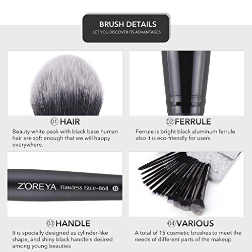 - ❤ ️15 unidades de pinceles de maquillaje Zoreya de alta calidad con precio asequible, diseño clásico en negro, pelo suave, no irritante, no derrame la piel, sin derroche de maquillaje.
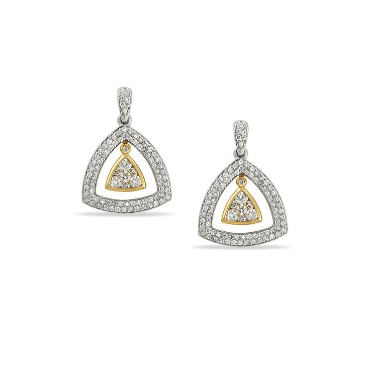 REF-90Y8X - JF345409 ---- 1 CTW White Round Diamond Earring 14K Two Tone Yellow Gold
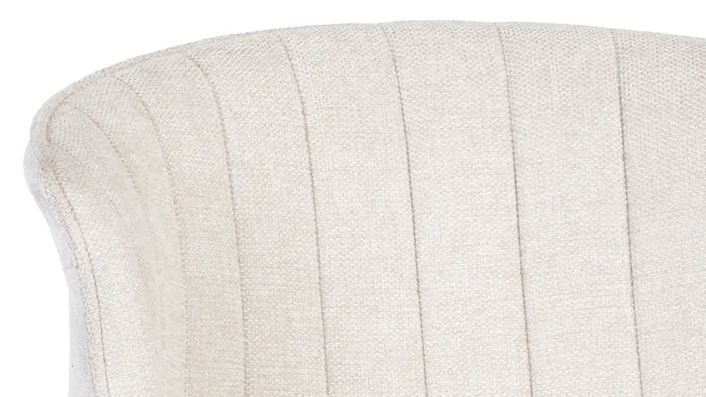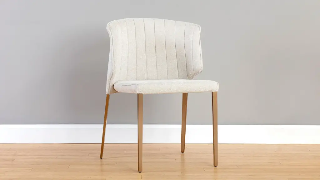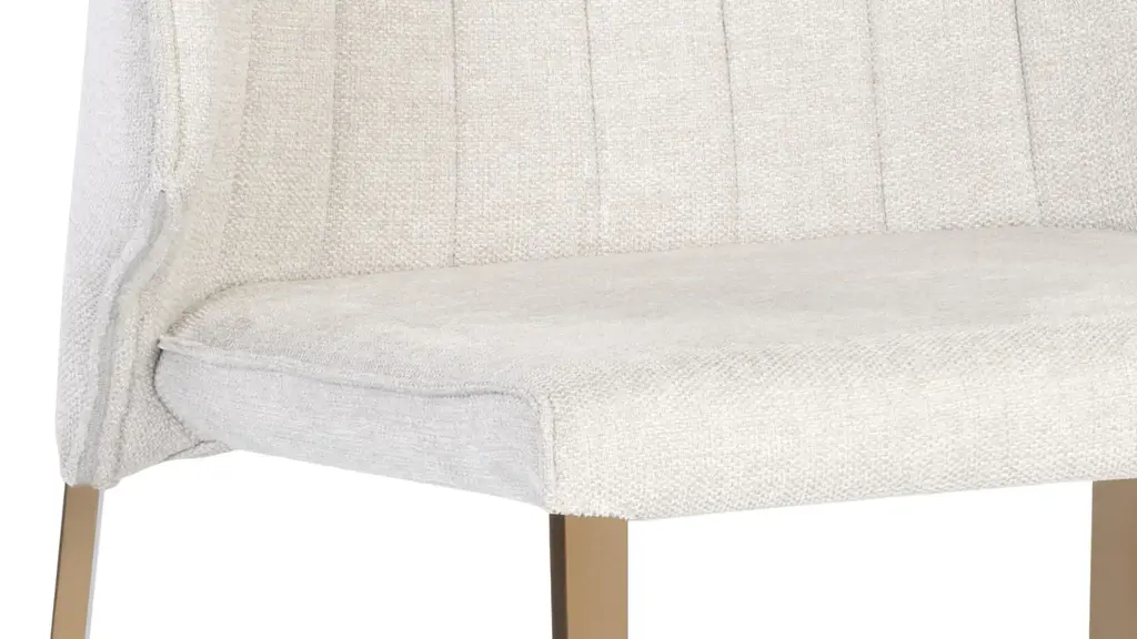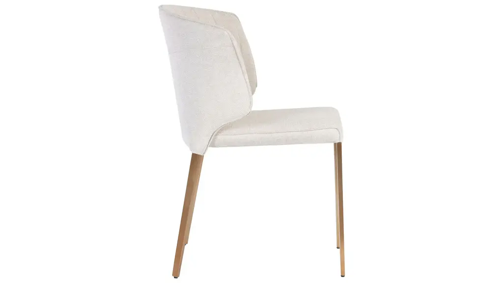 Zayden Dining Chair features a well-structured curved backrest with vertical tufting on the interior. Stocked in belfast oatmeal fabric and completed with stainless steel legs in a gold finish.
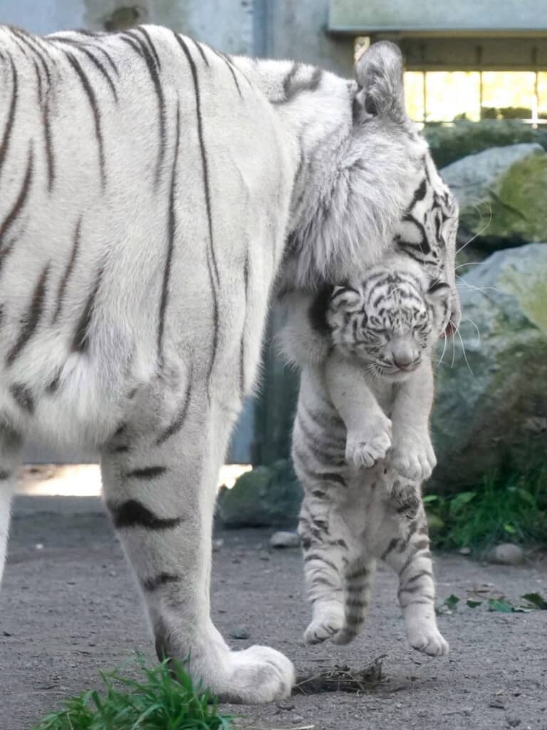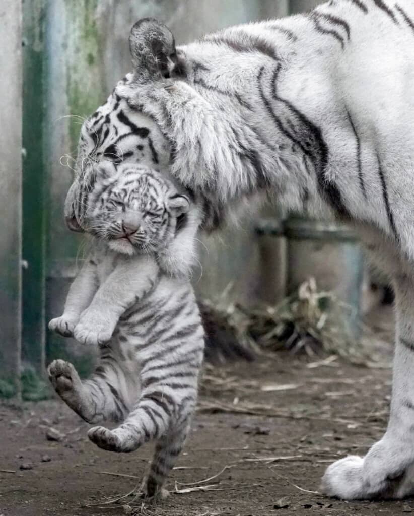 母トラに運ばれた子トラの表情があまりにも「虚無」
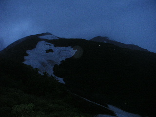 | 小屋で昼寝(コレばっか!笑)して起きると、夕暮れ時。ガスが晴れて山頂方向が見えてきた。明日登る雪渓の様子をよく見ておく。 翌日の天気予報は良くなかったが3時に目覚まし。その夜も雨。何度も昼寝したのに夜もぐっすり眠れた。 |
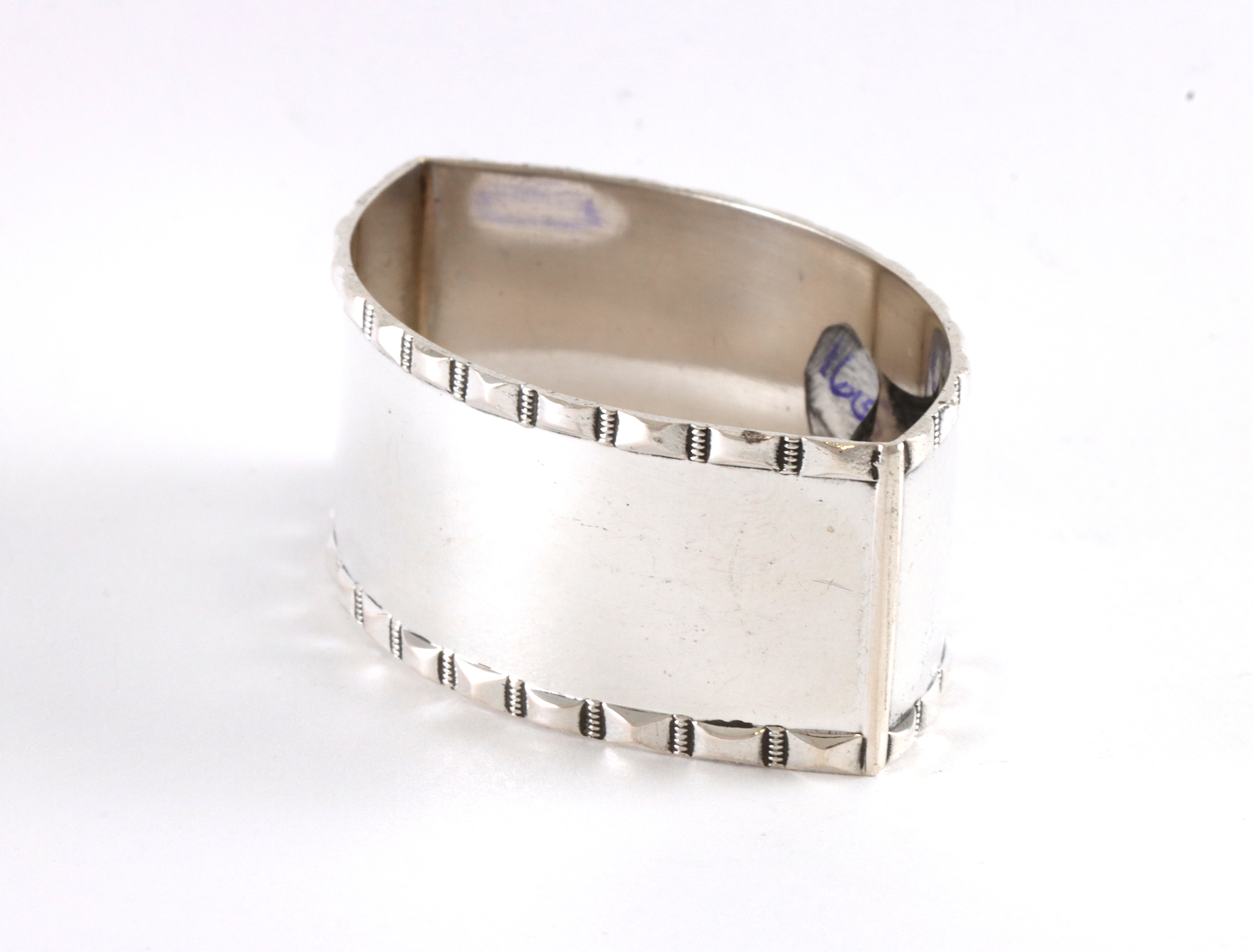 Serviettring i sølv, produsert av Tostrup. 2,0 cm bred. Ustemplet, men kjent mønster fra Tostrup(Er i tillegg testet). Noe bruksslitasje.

____

*Exercise instructions*. Could you give back the full listing word for word, leaving out the images?

*Response area*.
 - ❤ ️15 unidades de pinceles de maquillaje Zoreya de alta calidad con precio asequible, diseño clásico en negro, pelo suave, no irritante, no derrame la piel, sin derroche de maquillaje.
 REF-90Y8X - JF345409 ---- 1 CTW White Round Diamond Earring 14K Two Tone Yellow Gold
 Zayden Dining Chair features a well-structured curved backrest with vertical tufting on the interior. Stocked in belfast oatmeal fabric and completed with stainless steel legs in a gold finish.
 母トラに運ばれた子トラの表情があまりにも「虚無」
 | 小屋で昼寝(コレばっか!笑)して起きると、夕暮れ時。ガスが晴れて山頂方向が見えてきた。明日登る雪渓の様子をよく見ておく。 翌日の天気予報は良くなかったが3時に目覚まし。その夜も雨。何度も昼寝したのに夜もぐっすり眠れた。 |
 Serviettring i sølv, produsert av Tostrup. 2,0 cm bred. Ustemplet, men kjent mønster fra Tostrup(Er i tillegg testet). Noe bruksslitasje.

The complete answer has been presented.